#### [Goal of the exercise]
Word-for-word repetition of the records below is needed, but only from the line holding "把鸡蛋牛奶液过筛倒入蒸碗里" through the final line, with pictures excluded.

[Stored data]
# # # #

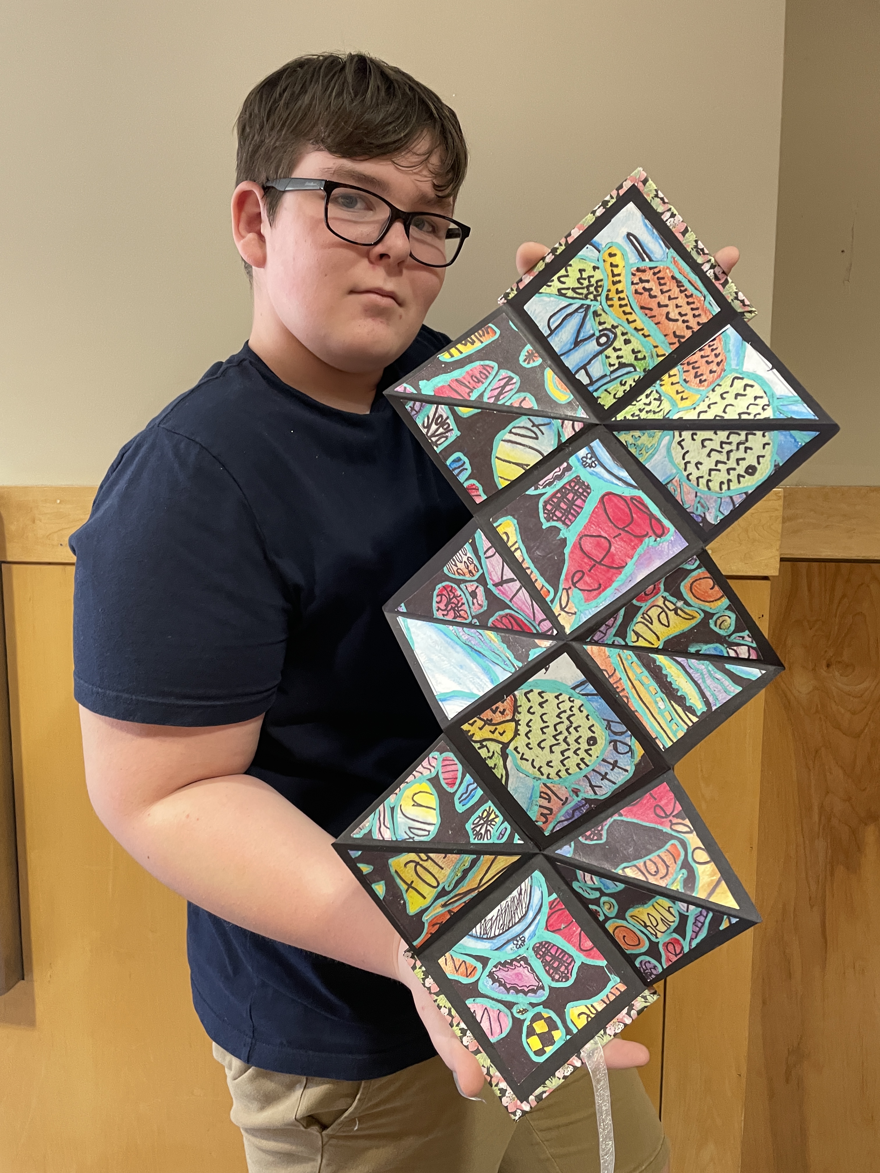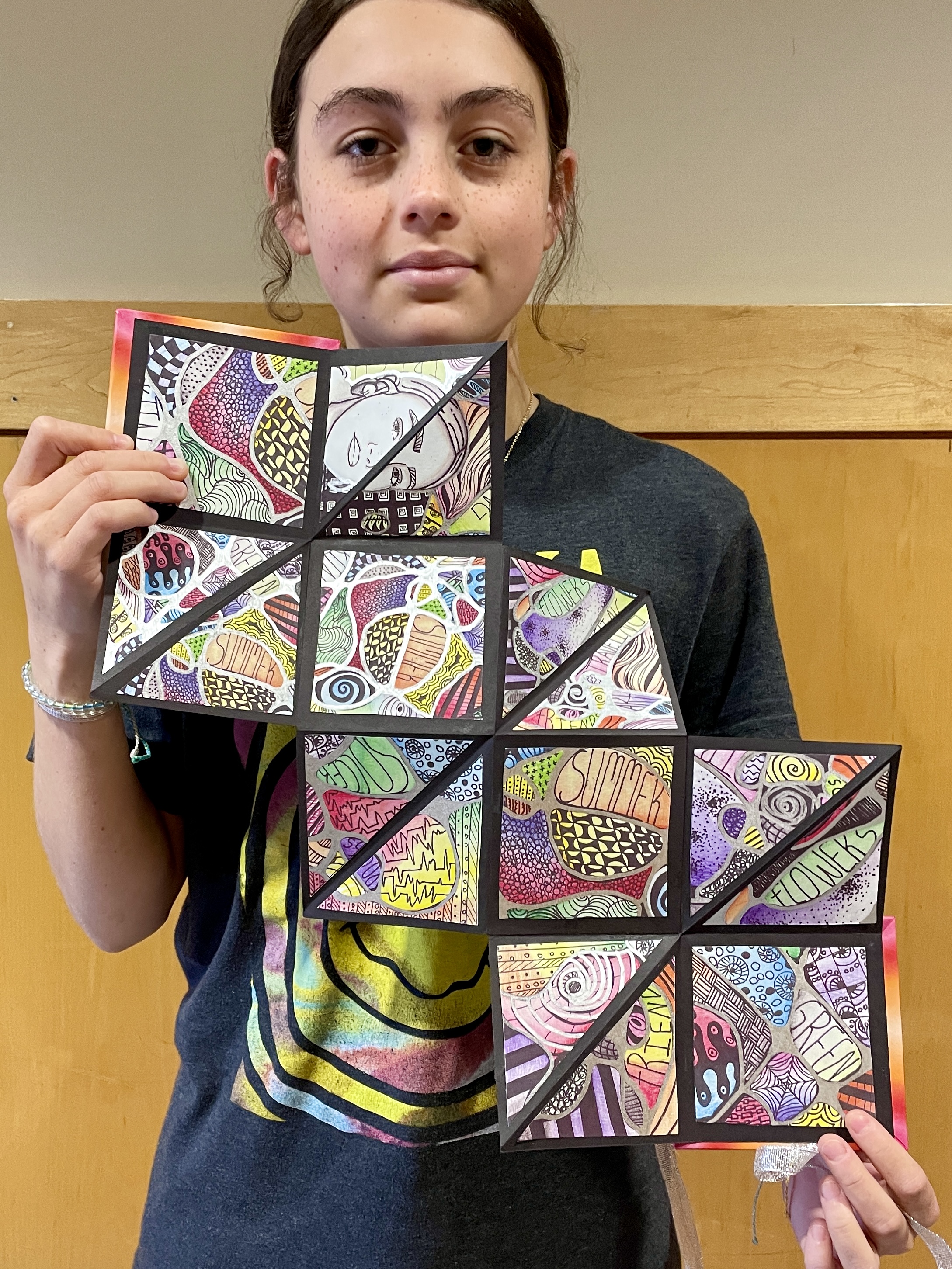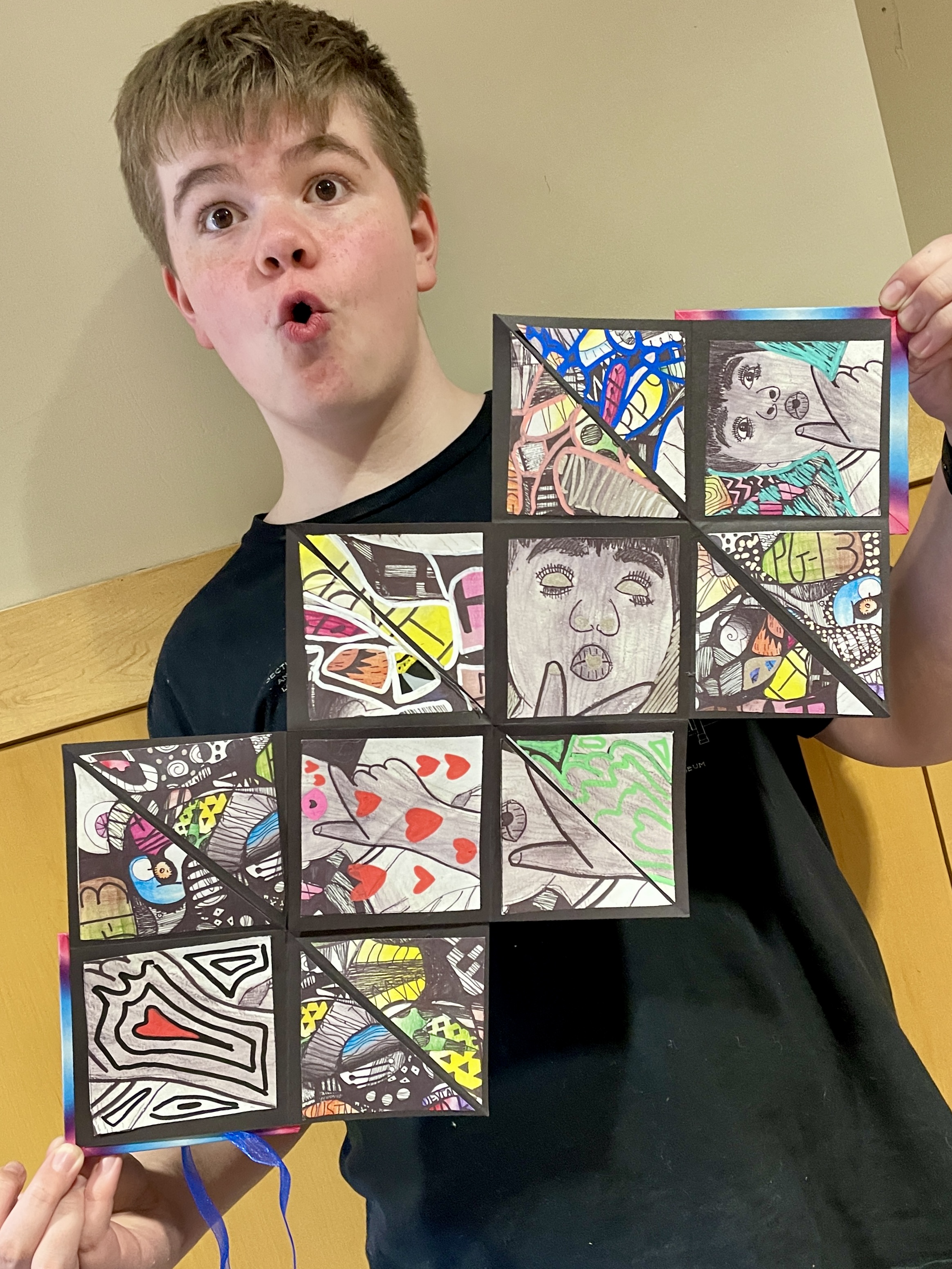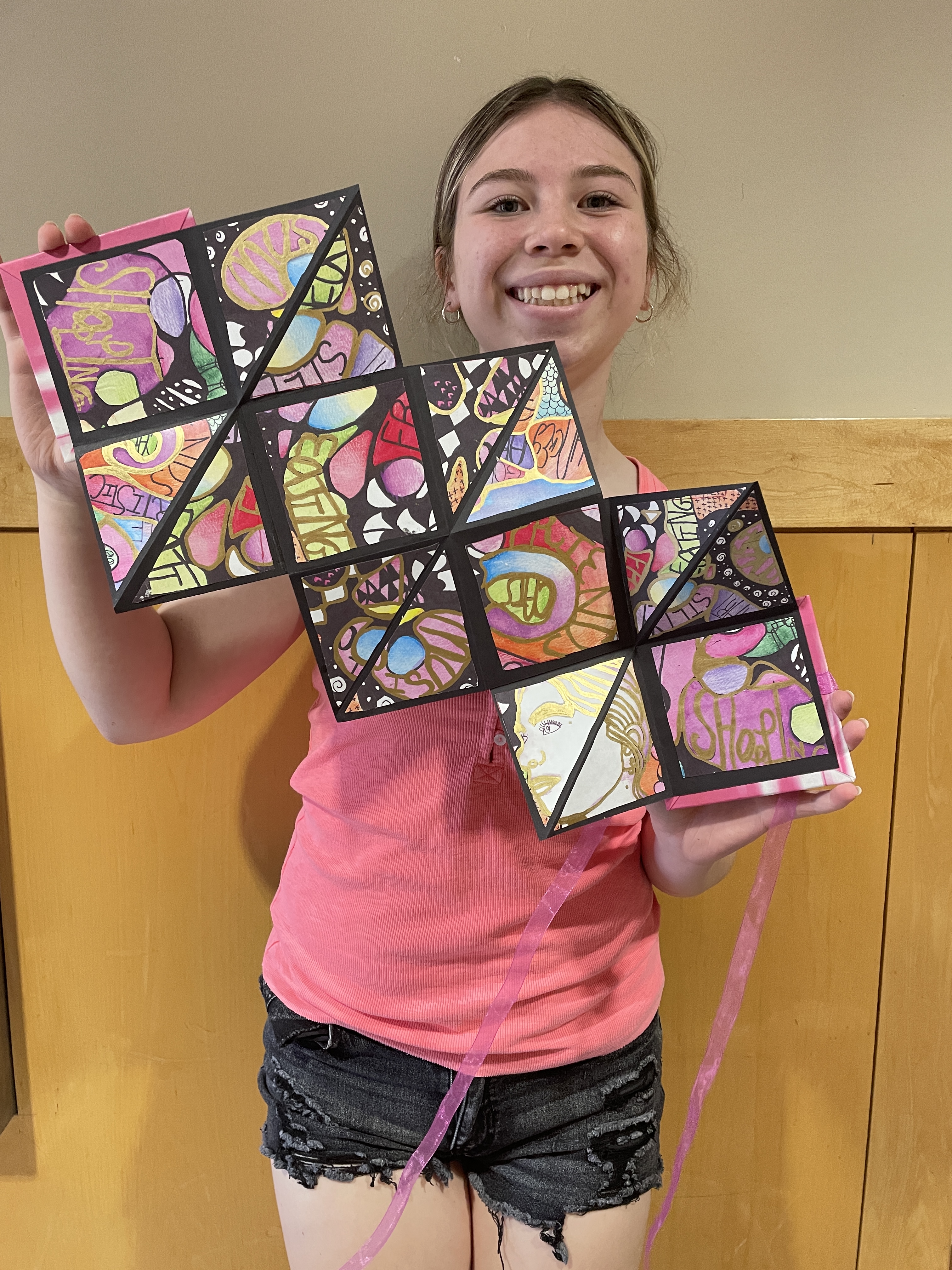 We got a bonus project out of these amazing Neurographic Self Portraits! No, we didn’t cut up our beautiful artwork, but I made several color photocopies of each student’s piece, and they selected their favorite parts to crop, embellish, and turn into the pages of these awesome Explosion Books.
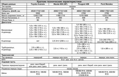 В нашем обзоре мы выясним, какой же из автомобилей лучше – Toyota Avensis, Mazda 626 (GF), Peugeot 406 или Ford Mondeo. Чаще всего в Беларуси встречаются бензиновые версии данных авто, оснащенные механическими коробками передач, что вызвано особенностями нашего рынка. Хотя при желании несложно будет отыскать и версию с автоматической трансмиссией. Все машины имеют привод на передние колеса, правда, в арсенале «626-й» и Mondeo есть и полноприводные модификации, но найти их в Беларуси практически нереально, особенно среди Mazda 626.
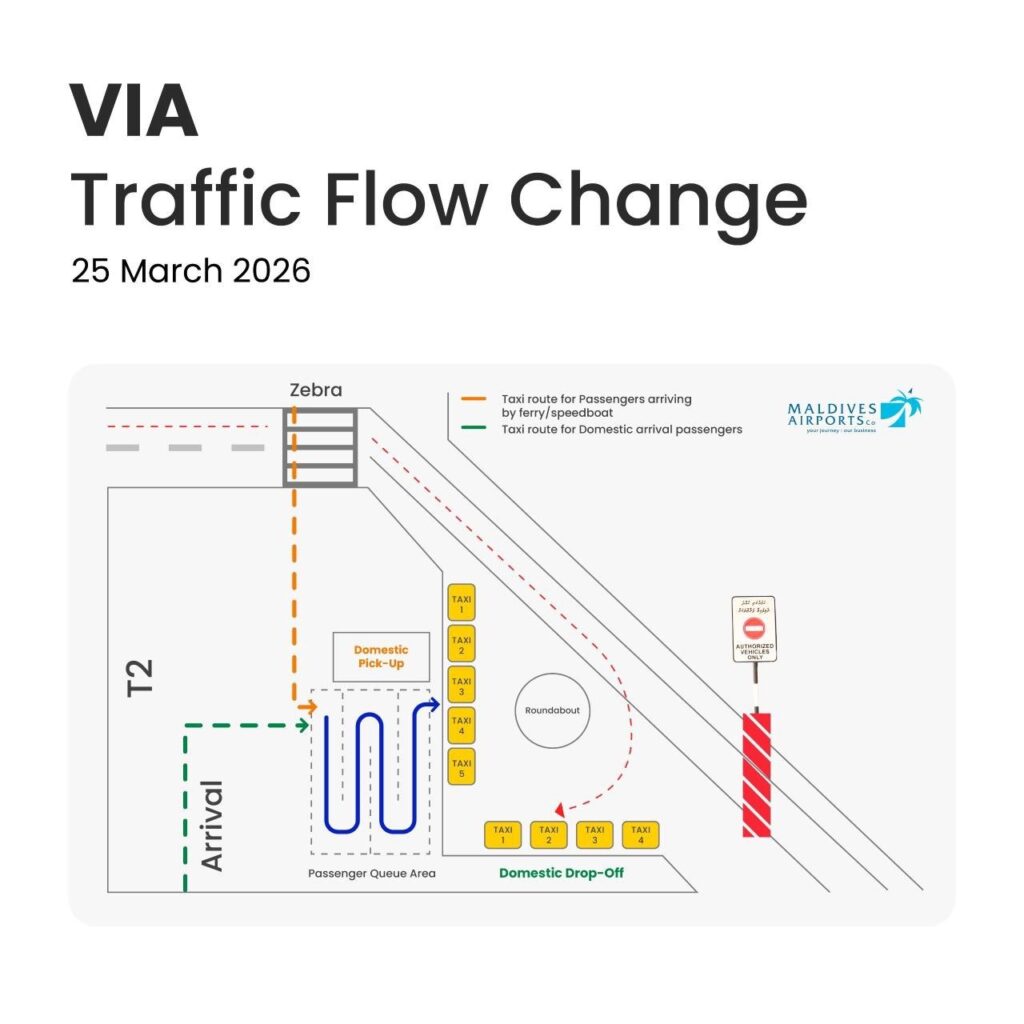 ވެލާނާ އިންޓަނޭޝަނަލް އެއަރޕޯޓުގެ ޓްރެފިކް ފްލޯއަށް މިއަދުން ފެށިގެން ބައެއް ބަދަލުތައް ވަނީ ގެނެސްފައެވެ. ވެލާނާ އިންޓަރނޭޝަނަލް އެއަރޕޯޓުގެ ޓާރމިނަލް 2 ބޭނުންކުރާ ފަސިންޖަރުންނަށް ލުއިފަސޭހަ އިންތިޒާމުތަކެއް ހަމަޖައްސައިދިނުމުގެ ގޮތުން 25 މާރިޗް 2026 (މިއަދު)ގެ ހެނދުނު 10.00 އިން ފެށިގެން، ޓަރމިނަލް 2 ގެ ކުރިމަތީގައިވާ ސަރަހައްދަކީ ފަސިންޖަރުންނަށް ޓެކްސީތަކަށް އަރާ ފޭބޭނެ ސަރަހައްދެއްކަމުގައި ވަނީ ކަނޑައަޅައިފައެވެ.
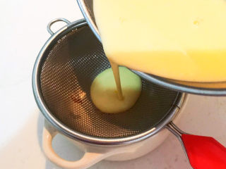把鸡蛋牛奶液过筛倒入蒸碗里
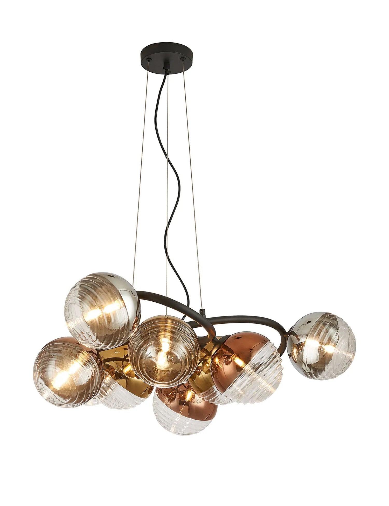 Armfield 88cm Twisted Pendant, 9 x G9, Satin Black/Chrome/Copper/Gold/Clear Two-Tone Round Spiral Glass (A)

# # # #

#### [Result for this task]
把鸡蛋牛奶液过筛倒入蒸碗里
 Armfield 88cm Twisted Pendant, 9 x G9, Satin Black/Chrome/Copper/Gold/Clear Two-Tone Round Spiral Glass (A)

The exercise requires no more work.